The finished copy must match the records exactly, except that it contains no pictures.

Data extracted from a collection
--

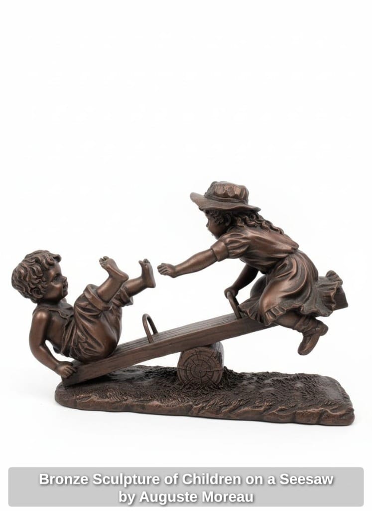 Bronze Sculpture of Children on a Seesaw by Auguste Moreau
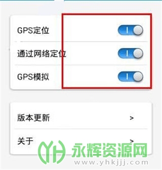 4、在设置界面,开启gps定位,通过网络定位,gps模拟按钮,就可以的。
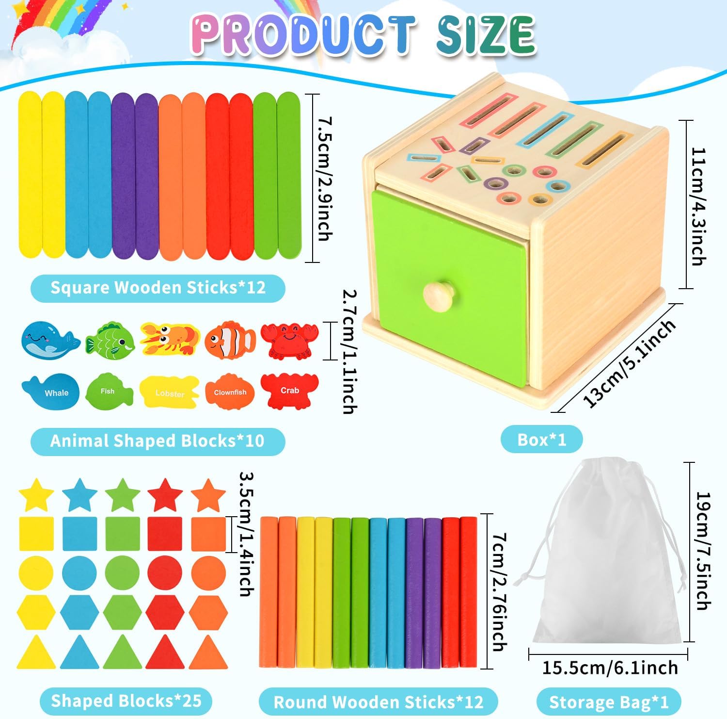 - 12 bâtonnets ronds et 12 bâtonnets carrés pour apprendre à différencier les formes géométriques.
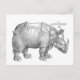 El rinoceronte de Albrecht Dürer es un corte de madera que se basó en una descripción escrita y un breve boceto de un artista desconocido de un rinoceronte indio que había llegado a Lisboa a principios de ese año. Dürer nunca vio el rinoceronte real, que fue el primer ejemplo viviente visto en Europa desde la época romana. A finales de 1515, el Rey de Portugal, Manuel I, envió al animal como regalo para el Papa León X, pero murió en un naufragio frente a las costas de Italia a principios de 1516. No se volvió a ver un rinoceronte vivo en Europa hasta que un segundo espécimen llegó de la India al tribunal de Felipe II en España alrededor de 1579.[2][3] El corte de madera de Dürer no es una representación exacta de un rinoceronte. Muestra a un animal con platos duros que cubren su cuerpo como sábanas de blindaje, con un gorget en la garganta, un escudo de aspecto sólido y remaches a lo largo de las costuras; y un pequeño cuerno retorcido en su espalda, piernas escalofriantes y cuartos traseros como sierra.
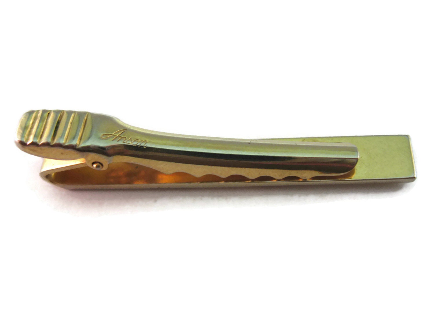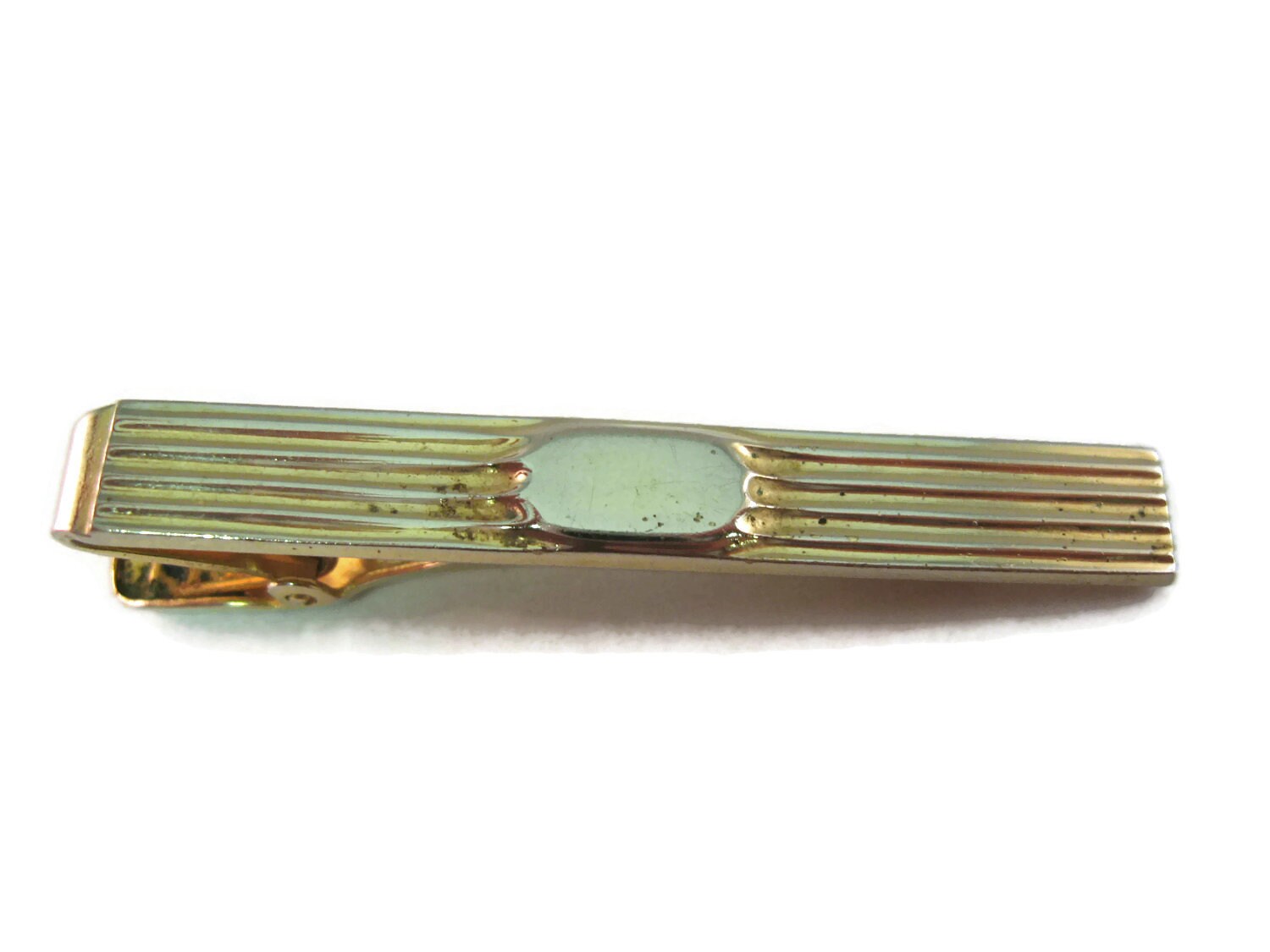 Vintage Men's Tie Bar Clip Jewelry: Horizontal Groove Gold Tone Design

--

ANSWER SECTION =>
 Bronze Sculpture of Children on a Seesaw by Auguste Moreau
 4、在设置界面,开启gps定位,通过网络定位,gps模拟按钮,就可以的。
 - 12 bâtonnets ronds et 12 bâtonnets carrés pour apprendre à différencier les formes géométriques.
 El rinoceronte de Albrecht Dürer es un corte de madera que se basó en una descripción escrita y un breve boceto de un artista desconocido de un rinoceronte indio que había llegado a Lisboa a principios de ese año. Dürer nunca vio el rinoceronte real, que fue el primer ejemplo viviente visto en Europa desde la época romana. A finales de 1515, el Rey de Portugal, Manuel I, envió al animal como regalo para el Papa León X, pero murió en un naufragio frente a las costas de Italia a principios de 1516. No se volvió a ver un rinoceronte vivo en Europa hasta que un segundo espécimen llegó de la India al tribunal de Felipe II en España alrededor de 1579.[2][3] El corte de madera de Dürer no es una representación exacta de un rinoceronte. Muestra a un animal con platos duros que cubren su cuerpo como sábanas de blindaje, con un gorget en la garganta, un escudo de aspecto sólido y remaches a lo largo de las costuras; y un pequeño cuerno retorcido en su espalda, piernas escalofriantes y cuartos traseros como sierra.
 Vintage Men's Tie Bar Clip Jewelry: Horizontal Groove Gold Tone Design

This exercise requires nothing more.